_Dataset extract_:

##############################

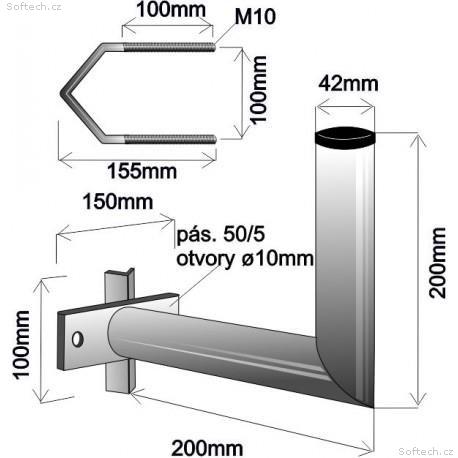 Držák antény na stožár s vinklem, galvanický zinek, délka 20cm
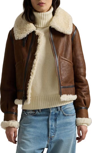 Paneled leather construction distinguishes an aviator jacket crafted in Italy with plush genuine-shearling trim that amplifies your warmth while taking your cold-weather look up a notch.
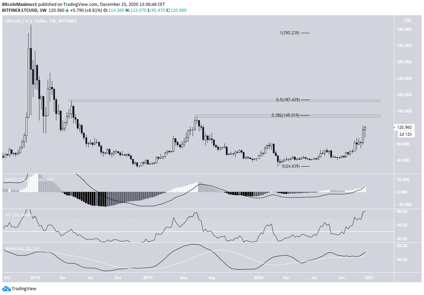 Как и на недельном и дневном графиках, технические индикаторы здесь подают бычьи сигналы. Соответственно, курс LTC может продолжить рост в направлении $149 и, возможно, $187.

##############################

_What is being asked_: Leaving the pictures out, set down all of the data again exactly.

_Reply to the exercise_:
 Držák antény na stožár s vinklem, galvanický zinek, délka 20cm
 Paneled leather construction distinguishes an aviator jacket crafted in Italy with plush genuine-shearling trim that amplifies your warmth while taking your cold-weather look up a notch.
 Как и на недельном и дневном графиках, технические индикаторы здесь подают бычьи сигналы. Соответственно, курс LTC может продолжить рост в направлении $149 и, возможно, $187.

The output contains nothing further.